Although CS production is first and foremost a linguistic task, it involves continuous interactions between language and other cognitive functions such as semantic memory, working memory, attention, and executive functions. 18 When CS is produced through the description of a visual stimulus (as in a picture description task), visuospatial functioning is also involved. Considering the heterogeneity in the linguistic characteristics of CS and in the cognitive profiles of individuals with MCI, there could exist more than one CS profile in this population and these profiles could be accompanied by different cognitive presentations.
Different CS profiles have been documented in AD,19,20 but no study has investigated potential CS profiles in MCI. Furthermore, no study has attempted to map the CS profiles of individuals with MCI to their cognitive profiles using an extensive neuropsychological battery covering a wide range of cognitive domains. Comparing controls and individuals with MCI in terms of their CS features using univariate statistics (as many previous studies have done) might lead to missing the heterogeneity of CS in MCI and the presence of multiple CS profiles in this population. Data-driven approaches such as cluster analysis applied solely to data from MCI participants can help uncover such patterns. Given that in-depth neuropsychological testing and medical evaluations, and cognitive or pharmacological interventions are not always accessible for cost, distance or professional availability reasons, it is crucial to have screening tools that help identifying individuals who would benefit from these resources the most.
In this study, we aimed to determine whether there are multiple CS profiles in MCI and whether individuals with different CS profiles also have different cognitive profiles. To do so, we used the COMPASS-ND study database of the Canadian Consortium on Neurodegeneration in Aging (CCNA; www.ccna-ccnv.ca), which contains, among others, data from cognitively healthy older adults and a large number of individuals with MCI, CS samples and extensive neuropsychological data for each participant.
Methods
Participants
The COMPASS-ND study and the use of its data for the present study were approved by all participating centers’ Research Ethics Committee or Institutional Review Board. All participants and their study partners provided written informed consent at the start of the COMPASS-ND study. For the present study, we selected all participants from the COMPASS-ND study database who: 1) completed the COMPASS-ND study in English, 2) completed the Cookie Theft Picture Description Task, 21 and 3) were classified as controls or as having MCI (with any predominant cognitive deficits) as per the COMPASS-ND study criteria. 22 A total of 28 individuals with vascular MCI (classified as such in the COMPASS-ND study based on the following criteria: two or more silent brain infract in brain regions other than the cerebellum and the brainstem or show extensive and diffuse white matter disease (Age-Related White Matter Scale change score ≥ 2))) were excluded, as this group seems to present with different CS profiles than individuals on the AD continuum 23 and we wanted to minimize the likelihood of obtaining results that simply reflect different etiology.

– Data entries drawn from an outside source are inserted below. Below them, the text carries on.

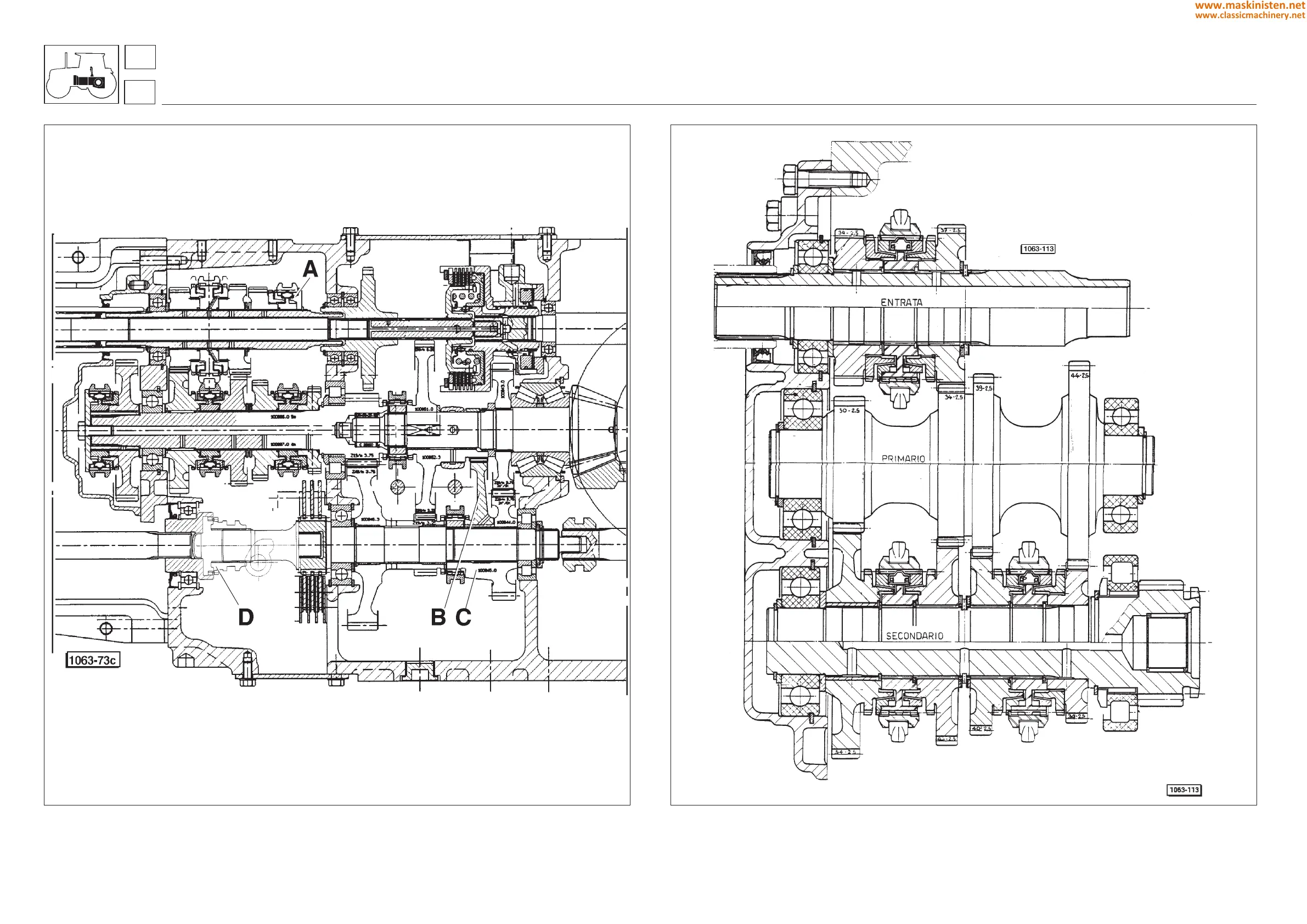 Fig. 10 - Gearbox longitudinal section (models without S.B.A.).
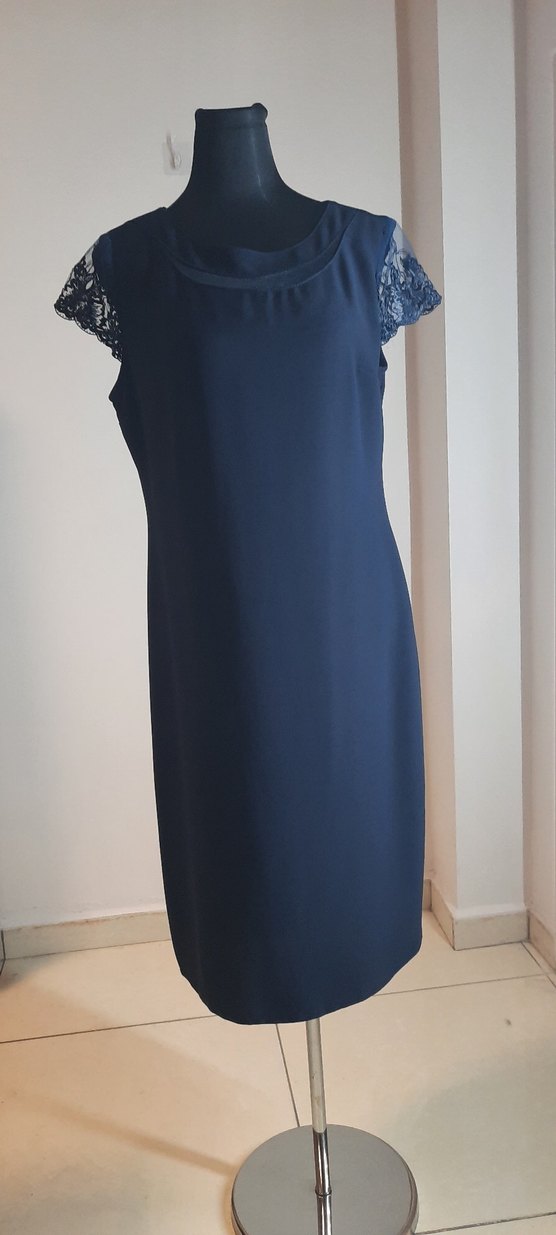 Lacivert kadın elbise, bisiklet yaka ile dikkat çeker. Klasik ve modern bir tarz için kolsuz ve rahat kesimlidir. Sıfır ayarında bir kez giyildi
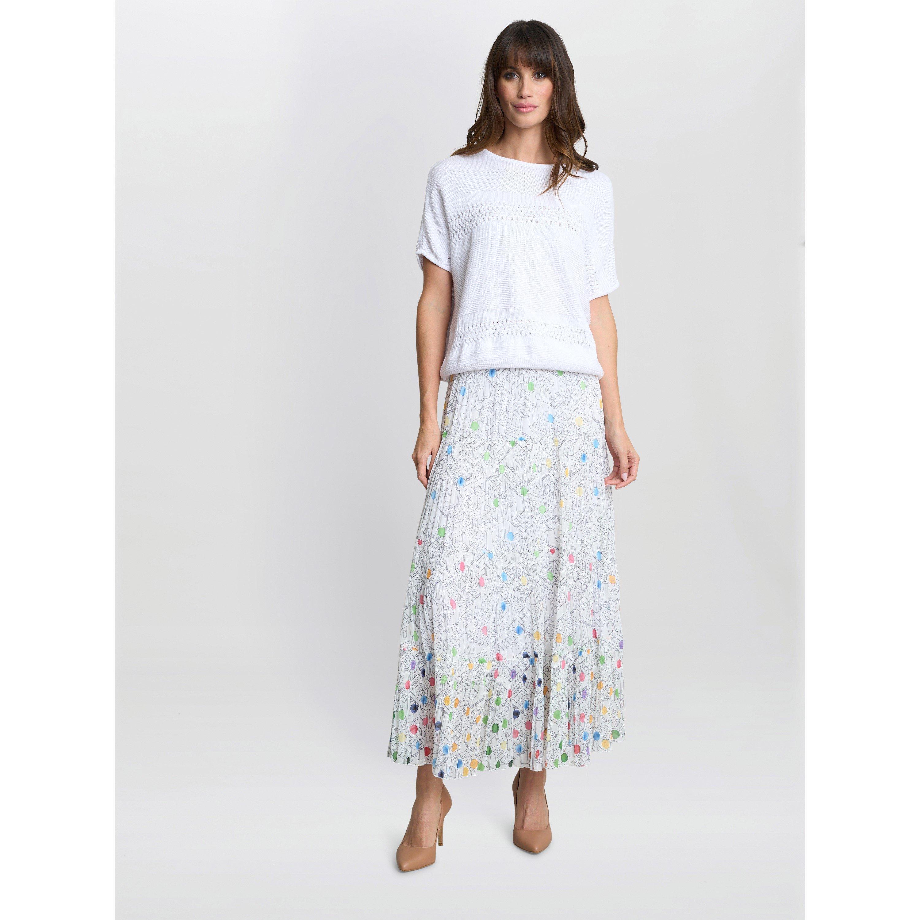 The LAYLA Knitted Jumpsuit from Gina Bacconi is a knitwear piece featuring cable detailing. This casual yet chic design includes a round neckline with short sleeves, and measures 64 cm in length.
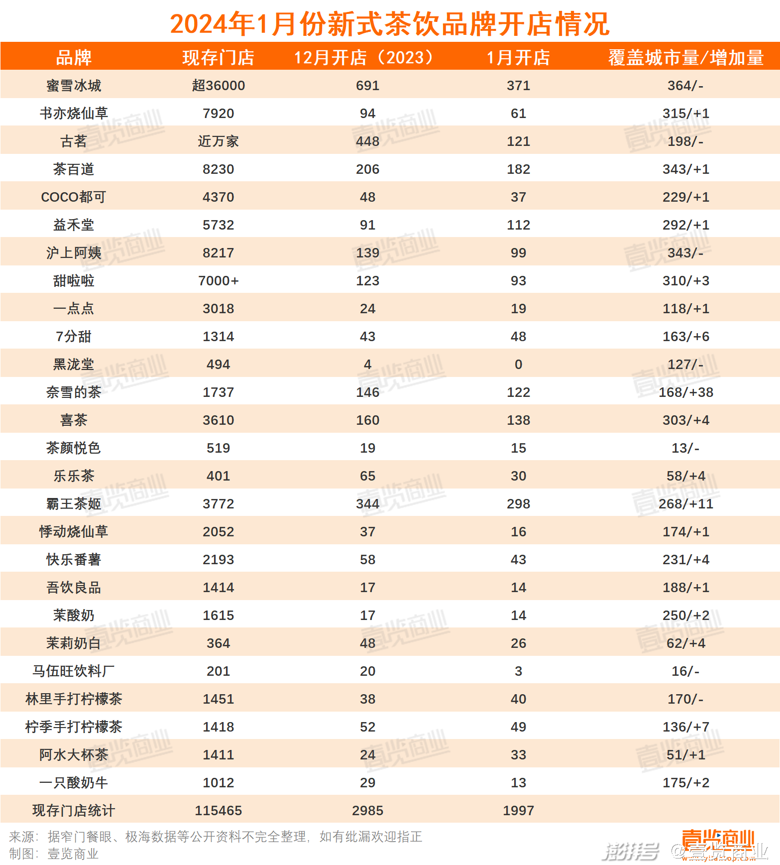 1月,新式茶饮品牌现存门店量达11万,门店扩张速度放缓。

On top of fulfilling the general inclusion and exclusion criteria described in Chertkow and colleagues, 22 MCI participants and/or their study partner needed to report concerns regarding a change in cognition. These participants also needed to have a global Clinical Dementia Rating between 0 and 0.5 and to obtain scores within certain ranges on one or more of the following tests: Logical Memory II Delayed Recall (lower score than the ADNI education-adjusted expected scores for controls: < 3 for 0–7 years of education, < 5 for 8–15 years of education, < 9 for 16 + years of education), CERAD Delayed Word List Recall (< 6), MoCA (between 13–24, inclusive). Moreover, MCI participants needed to obtain a score ≥ 15 on the Lawton-Brody Instrumental Activities of Daily Living Scale and demonstrate cognitive impairment in one or more cognitive domains. To be classified as controls in the COMPASS-ND study, participants needed to fulfill all the general inclusion and exclusion criteria described in Chertkow and colleagues, 22 to have obtained a score ≥ 26 on the MoCA and to not report any perceived decline in cognition. A total of 109 controls and 210 individuals with MCI from the COMPASS-ND study database met our inclusion criteria and were included in the present study. Both groups were comparable in terms of age and years of education. However, the control group contained a higher proportion of females than the MCI group, a lower proportion of individuals with a first language other than English and obtained higher scores on the MoCA and lower scores on the Geriatric Depression Scale and GAD-7 questionnaires than individuals with MCI (for full sample demographic, psychological, and cognitive characteristics, see Tables 1 and 2). Participants’ gender identity is not available in the COMPASS-ND study database and therefore cannot be reported.
Demographic and psychological characteristics of sample (n = 319).
*Statistically significant difference between groups (p < 0.05).
Cognitive characteristics of sample (n = 319).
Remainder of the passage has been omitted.